Some advise J3590 for new miracle MS drug Some neurologists are definitely providing Tysabri in their offices already, says Gina Gjorvad, coding and reimbursement expert with the American Association for Neurology. "I recommended to them that they contact their carrier and find out if they have a coverage policy and how they plan on covering it," Gjorvad says.
The Food and Drug Administration approved a revolutionary new drug for multiple sclerosis, Tysabri, back in November. But providers are still coming to grips with coding for this medication.
Physicians will administer Tysabri, also known by the generic name natalizumab, to treat and reduce the frequency of clinical relapses in relapsing forms of MS. The patient receives the drug intravenously every four weeks in either the inpatient or outpatient setting.
"There's no consistent coding or payment strategy for Tysabri yet," notes Neil Busis, chief of the division of neurology and director of the neurodiagnostic laboratory at the University of Pittsburgh Medical Center at Shadyside. But he and other experts offer the following tips on billing for Tysabri:
1. Use chemotherapy codes for the infusion. You'll need to bill for the infusion separately from the drug. Even though Tysabri isn't a chemotherapy drug, Medicare guidelines specify that you should bill chemotherapy administration codes G0359 (up to one hour) and G0360 (each additional hour, one to eight hours) as appropriate.
The Centers for Medicare and Medicare Services' Transmittal 129, dated Dec. 10, 2004, specifies that chemotherapy administration codes will also apply to monoclonal antibody agents and "other biologic response modifiers," including Tysabri. In addition, you would use these codes for parenteral administration of nonradionuclide anti-neoplastic drugs and anti-neoplastic agents for treatment of non-cancer diagnoses.

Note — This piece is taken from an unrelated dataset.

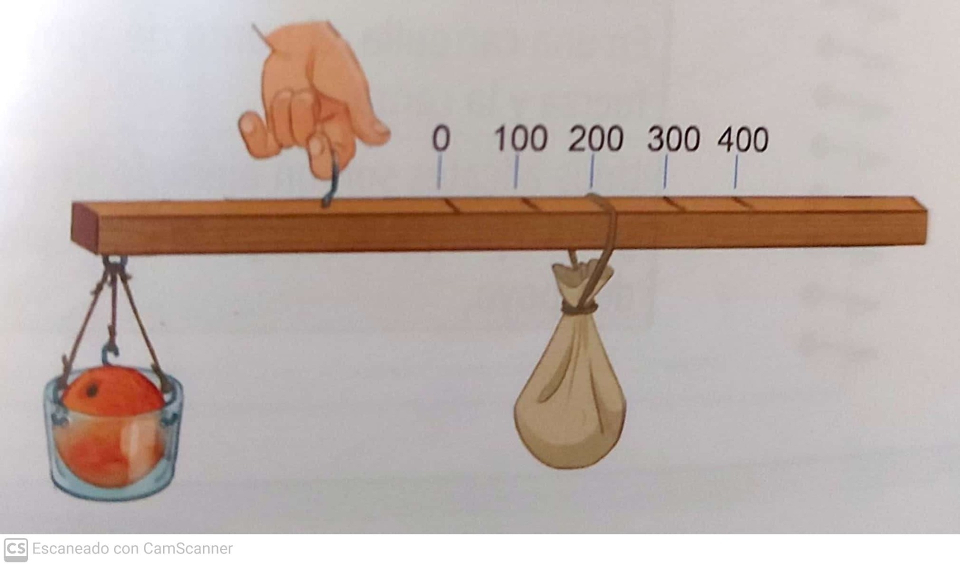 Paso 4: Ponemos en el vaso masas conocidas (200g, 300g...) y equilibramos la balanza con el saco. Ahora, marca sobre la barra los valores de las masas.

2. Check your carrier's policy on drug code. In the inpatient setting, CMS says you should bill HCPCS code C9126 for Tysabri, according to Transmittal 423, dated Jan. 6. But CMS doesn't provide any instructions on billing for Tysabri in an outpatient setting. For claims prior to Jan. 1, CMS instructed providers to use unlisted drug code C9399, and some carriers may prefer C9399 after Jan. 1 for Tysabri in physicians' offices.
Checking First Is Best
So far, one Part B carrier, Cahaba GBA, has issued a policy on Tysabri. Cahaba says providers should bill using unlisted drug code J3590 and list the name of the drug and the dosage in box 19 of the CMS 1500 claim form. The recommended dosage is 300 mg every four weeks, and 300 mg should constitute one unit, says Cahaba (the policy is online at www.msmedicare.com/provider/newsHotNatalizumab_TYSABRI.pdf).
Some physicians are leery of billing for Tysabri when they're not sure what Medicare will reimburse for the drug. "We're not taking on the expense - it's too new," says Michelle Torri, a coder with Associated Neurologists of Southern CT in Fairfield. Instead, Associated Neurologists is sending patients to a specialty pharmacy to obtain Tysabri. Then Associated bills only for the infusion. Tysabri is expensive to stock, and Medicare will change the pricing every quarter. "We just don't know that we won't be operating at a loss" next quarter, Torri complains.